Our Achievements in Terms of Figures
Our scientific workers have obtained more than 30 certificates of authorship and patents, their research results have been published in about 40 collected scientific articles and 90 studies. The Institute of Physiology have proudly brought up 2 academicians and 4 corresponding members of the Russian Academy of Medical Sciences (RAMS), 215 candidates and 50 M.D.’s.
The Institute’s scientific leadership is largely recognized in Russia and abroad.
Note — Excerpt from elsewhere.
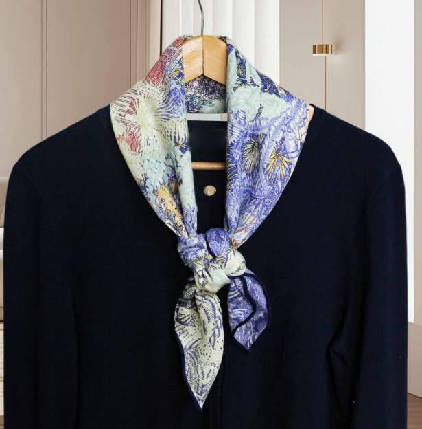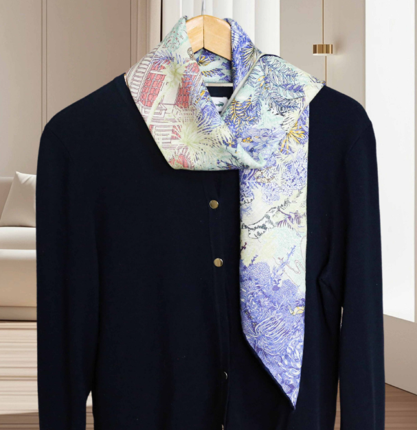 I love my gorgeous silk scarf which is more beautiful than the picture!! Exactly what I wanted and looks perfect with my sweater! I was amazed by how quickly it arrived— I got an excellent price on the scarf and on shipping, too! I will definitely keep this seller!! THANK YOU SO MUCH!!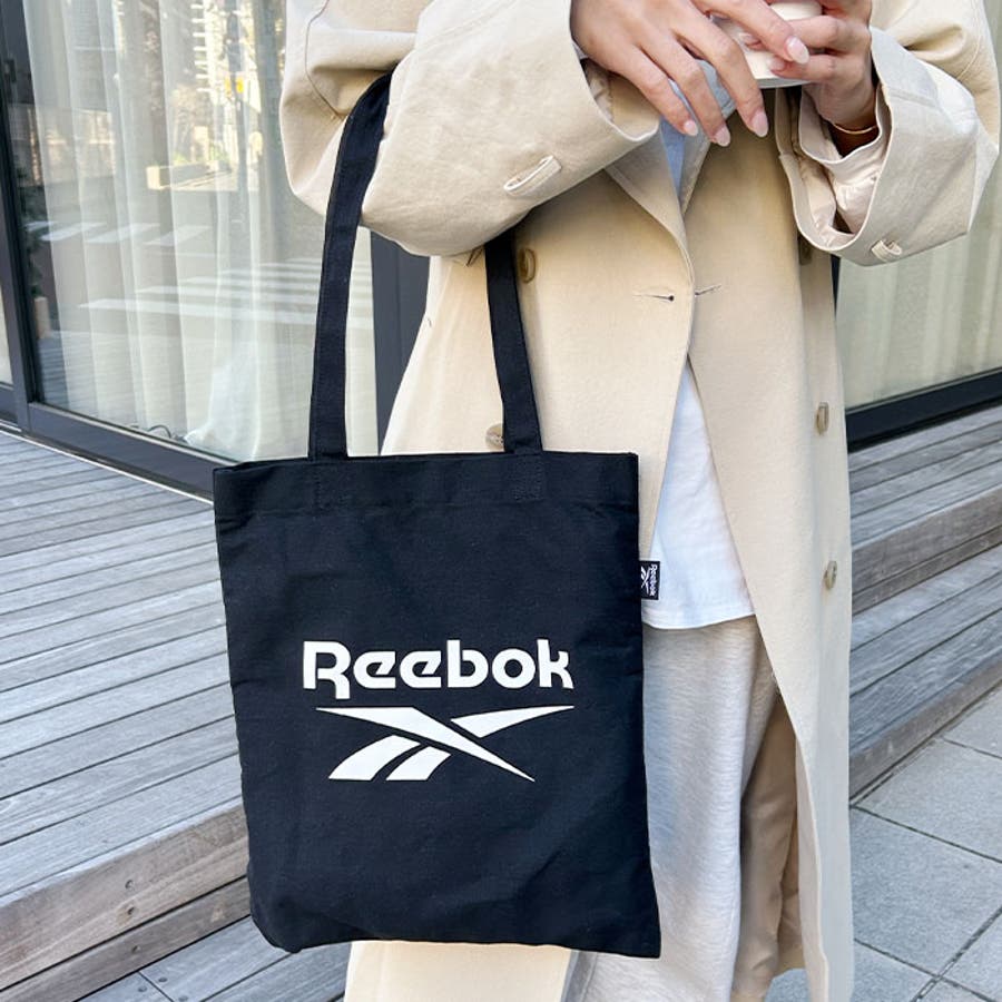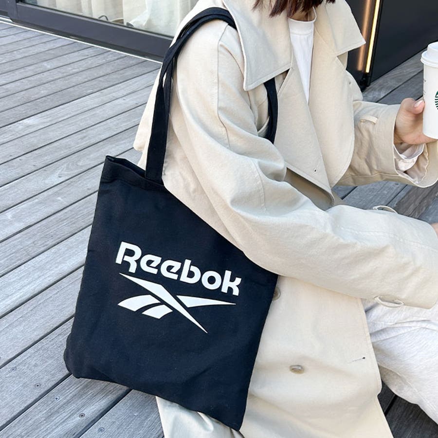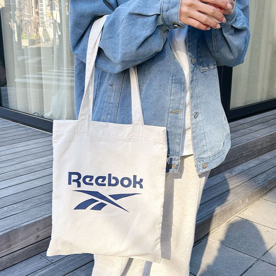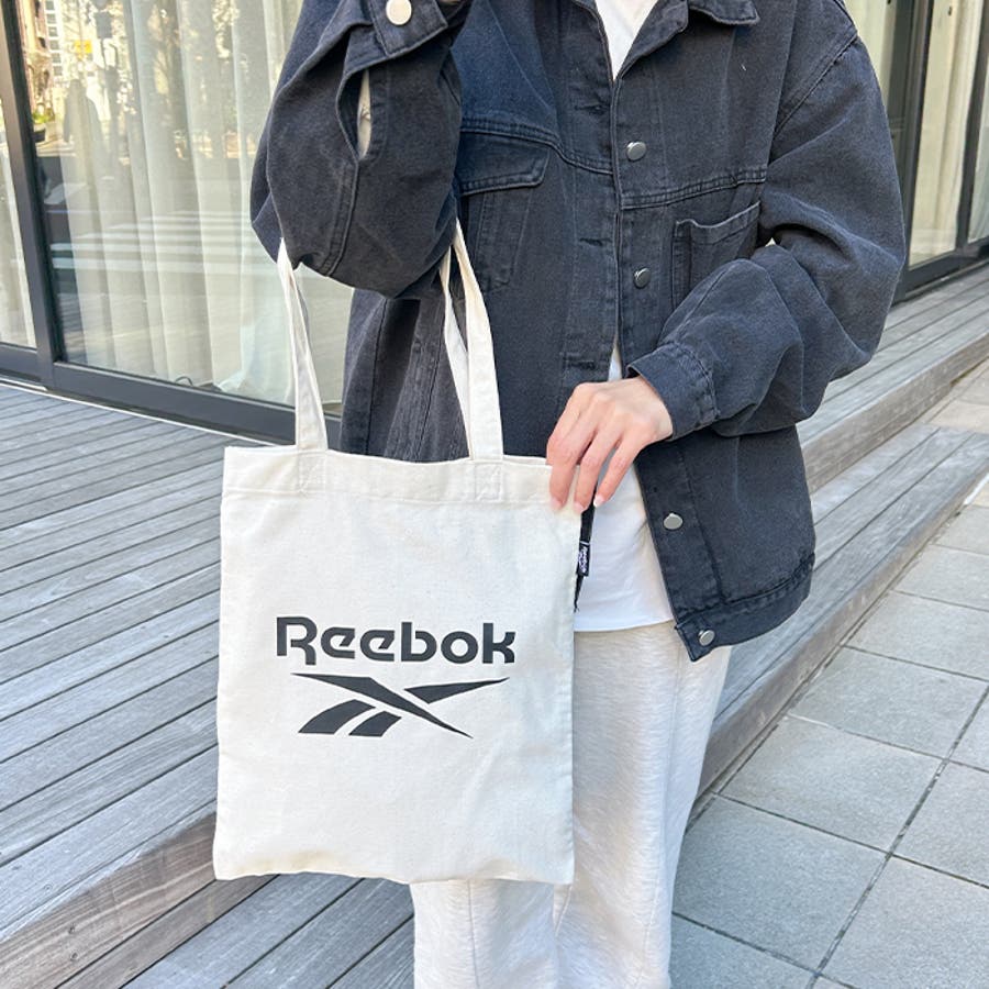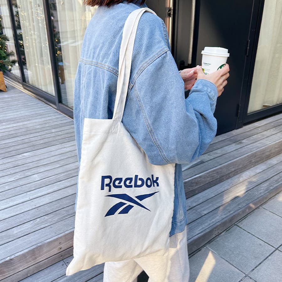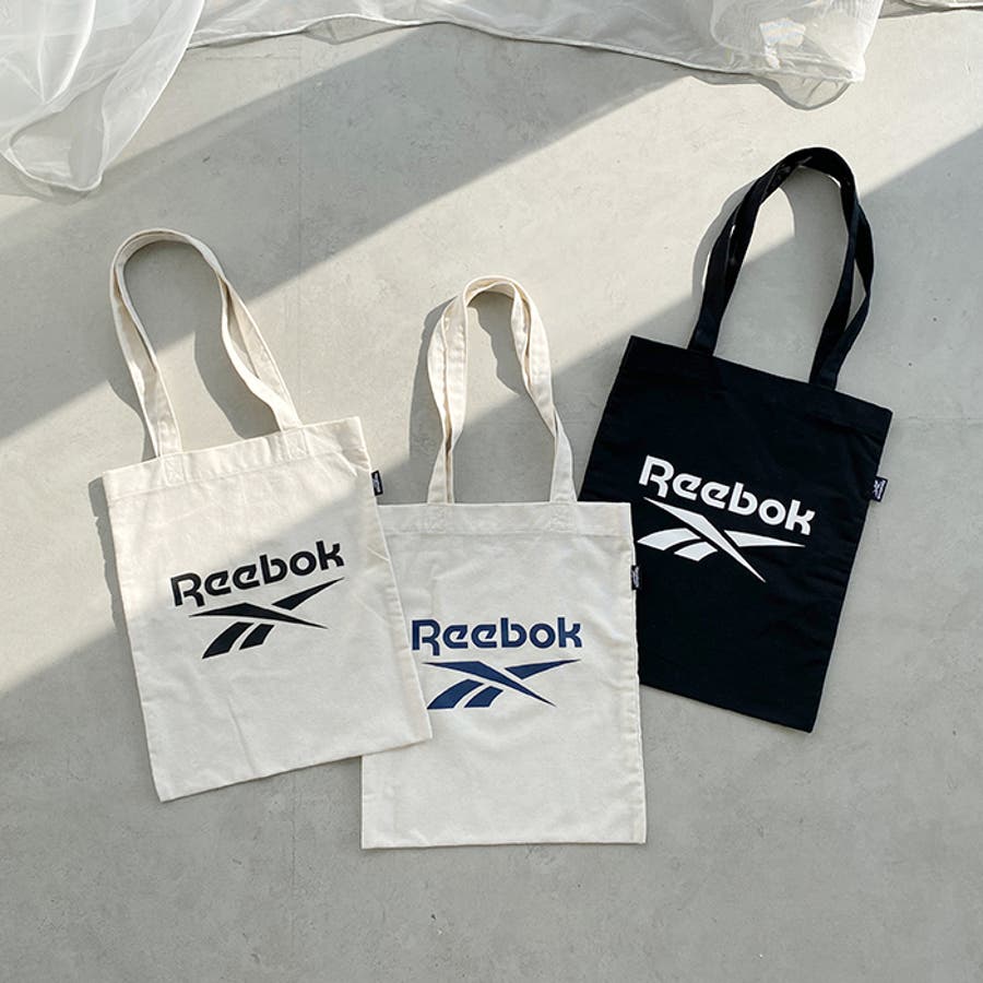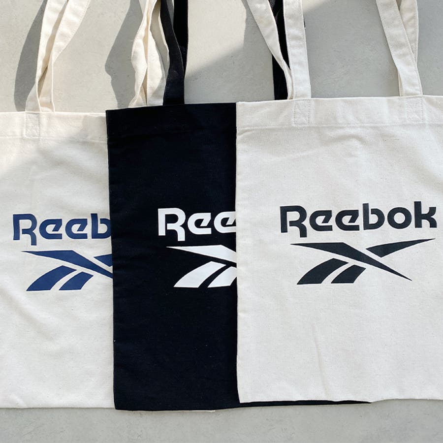 Reebokのロゴ刺繍が全面中央に入ったキャンバスバッグ。

It’s widely known thank to its innumerable publications, participation at many home and oversea conferences and rich lecturing experience.
The Institute itself has hosted more than 30 all–Russian conferences, meetings, symposiums and 5 Conventions of Physiologists from Siberia and Russia’s Far East.
Today’s Institute of Physiology
2009 has challenged the Institute with twelve major scientific researches, five projects for the Russian Basic Research Fund’s grant and five — for the Russian Humanities Fund’s grant.
Being a versatile scientific facility the Institute of Physiology digs into almost every sphere of the human and animal life activity: from the cerebral biopotential, psychology and behavioral theories to the immune system, thermoregulation, external respiration, blood circulation, cellular biorhythms, cellular ferments and pharmacological intervention in animal organisms.
The Institute embraces 14 scientific laboratories, a branch establishment in Barnaul, a psychosomatic clinic — over 200 people in all.
100 scientific associates including 24 ScD’s (3 RAMS members and 10 professors among them) and 37 Cand.Sc’s are presently employed.
The Institute of Physiology views their foremost challenge — study on human and animal bodily machinery for activity, development and tolerance — as three codirectional research areas:
-
Study on the body functional state dynamics under the influence of sub-extreme and extreme factors in health and none;
-
Study on psychophysiological and neurochemical models of individual organization for integrative brain functions (attention, memory, emotions and creative activity) and neurovegetative (neuroimmune, neuroendocrinal) activity in health and psychosomatic and affective disorders;
-
Study on cellular and molecular-level physiological regulation mechanisms in health and none.